Cells plated on coverslip slides (1000 cells/well), were loaded with 2 μM Fura-2-AM at 37 °C for 20 min, in epithelial cell saline (final volume 1000 µL). Slides were placed on an inverted microscope (Nikon Diaphot, Nikon Canada, Mississauga, Canada) equipped for cell population fluorescence measurements using a photometric detection system (Photon Technologies International, Ontario, Canada). The sample was alternatively illuminated (t = 10 samples per second) by monochromatic light (at 340 and 380 nm wavelengths), for 100 s after toxin exposure, through a × 40 oil immersion objective (Nikon Diaphot). Then additional 120 s exposures were taken every 10 min for 60 min. The emitted fluorescence was passed through a dichroic beam splitter, filtered and the signal captured by a photometric detector. For presentation, the fluorescent ratios (F340/F380) of treated cells were compared to untreated cells.

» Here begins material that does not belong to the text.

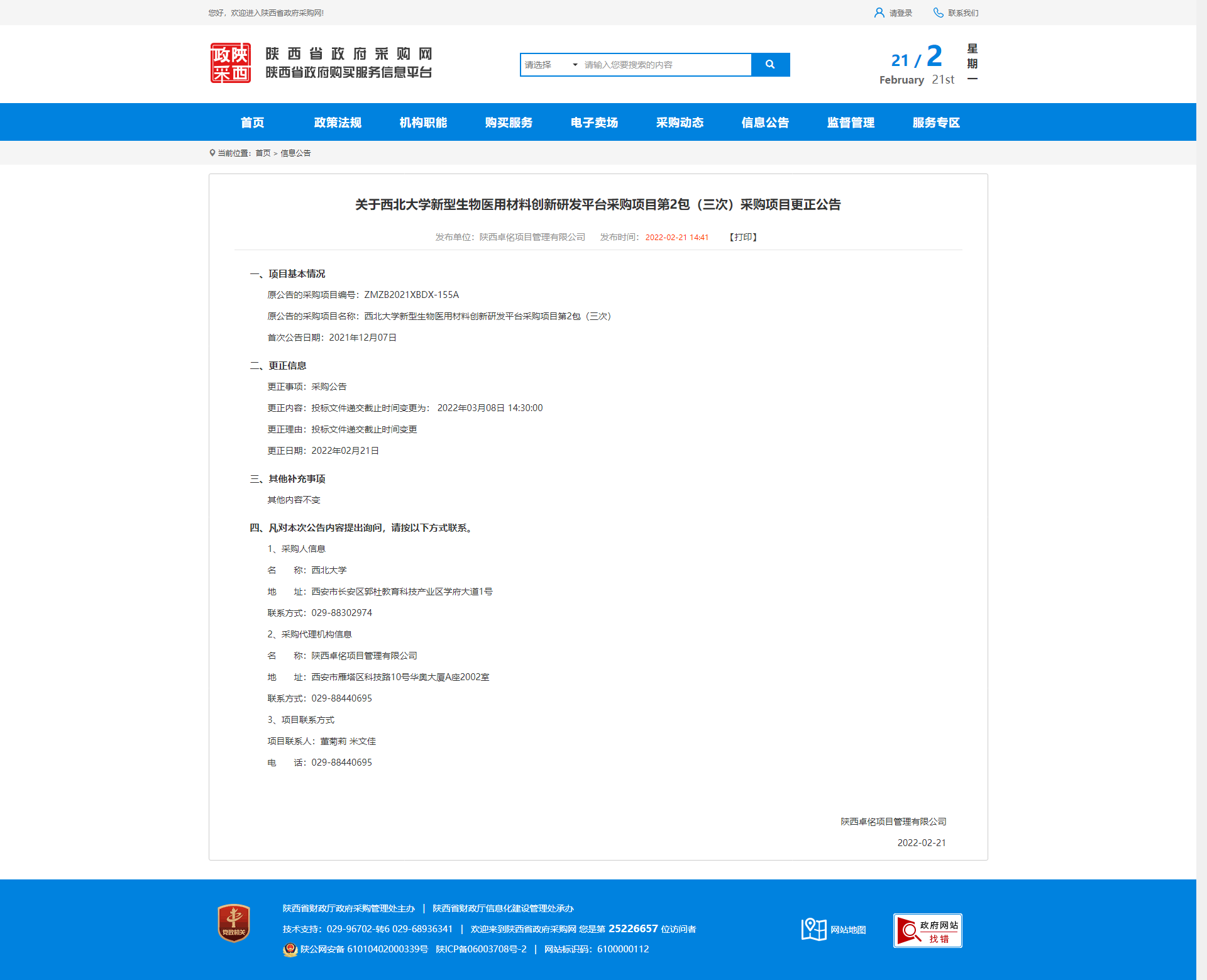 关于乐鱼网页版页面登录新型生物医用材料创新研发平台采购项目第2包(三次)采购项目更正公告 作者: 编辑:薛利娟 时间:2022-02-21 原公告链接:http://www.ccgp-shaanxi.gov.cn/notice/noticeDetail.do?noticeguid=8a85be317ee7907d017f1a9fc1d146e6

4.7. Lawn Assay for STEC-Secreted Proteins

A bovine colonic cell line was developed in our laboratory and maintained in DMEM supplemented with fetal bovine serum (HyClone, Thermo scientific, Canada) 10%, 50 µg/mL gentamicin. The lawn assay was used to compare the toxicity of secreted cytotoxins from the STECs to cells. The lawn assay was performed using the cytotoxins from STECs as described previously [39]. Briefly, a 1% SeaKem Agarose (Mandel Scientific, Guelph, Ontario, Canada) support gel was poured into a petri dish. Next, the lawn agarose (3 mL of 3.7% SeaPlaque agarose (Mandel Scientific, Guelph, Canada) was mixed with 3 mL of cell suspension and poured over the support agarose. Each toxin dilution (3 μL) was applied, and the treated lawn was incubated for 4 h under standard culture conditions. The amount of total cytotoxin applied was 3 µL of the range of threshold doses previously reported for lineage 1, lineage 2 and intermediate lineages STECs [39]. The lawn was stained with 0.1% trypan blue (Sigma-Aldrich) and de-stained using 1.84% KCl. Plates were scored the same day, and the amount of cytotoxin activity was defined as the threshold dose (ng) of secreted proteins in the dilution series to cause a blue spot on the lawn.

4.8. Statistical Analysis

Statistical analyses were conducted utilizing a repeated measures design for evaluating the impact of the prebiotic and probiotic application on STEC shedding (SYSTAT 10.2.01). Analysis was performed utilizing the Pearson Chi-square test to evaluate the differences in STEC toxins to cause cell blebbing and loss of monolayer integrity. This analysis was also performed to compare the activities of the mycotoxin extracts in the absence and presence of the prebiotic/probiotic treatment. An ANOVA was conducted to compare the calcium responses of the bovine liver cells to the secreted STEC toxins in the absence and presence of aflatoxin and fumonisin. Finally, an ANOVA was conducted to compare the cytotoxicity of the STEC-secreted toxins in the absence and presence of aflatoxin.

5. Conclusions

The current study determined that STEC co-infections are associated with HE cases in calves less than one month old. Comparisons of virulent STECs with avirulent O157 STECs used in experimental challenge studies suggest that aggregative and diffuse patterns of adherence together with the ability to disrupt cell monolayers is critical for the development of serious disease. Exposing calves to 1–3 ppb aflatoxin and 50–350 ppb fumonisin in the calf feed ration promoted STEC-associated HE outbreaks. Inclusion of 0.02 ppb aflatoxin in the growth media of STECs resulted in greater cytotoxin production and cytotoxicity in vitro supporting a role for mycotoxins in STEC pathogenesis. The OI-122 encoded nleB gene was present in all virulent STEC, but not in avirulent STECs. The nleA, nleD, nleE, nleF, nleG genes were also associated with one or more of the virulent STEC co-infections. The nleH gene was uniquely associated with HE cases where there was no warning prior to calf death. The eae, stx1 and stx2 genes were present in all STECs suggesting that these genes may be required for initiation of infection, but not for the development of serious disease in cattle. Application of Celmanax®/Dairyman’s Choice™ to the calves eliminated STEC shedding and the morbidity/mortality losses.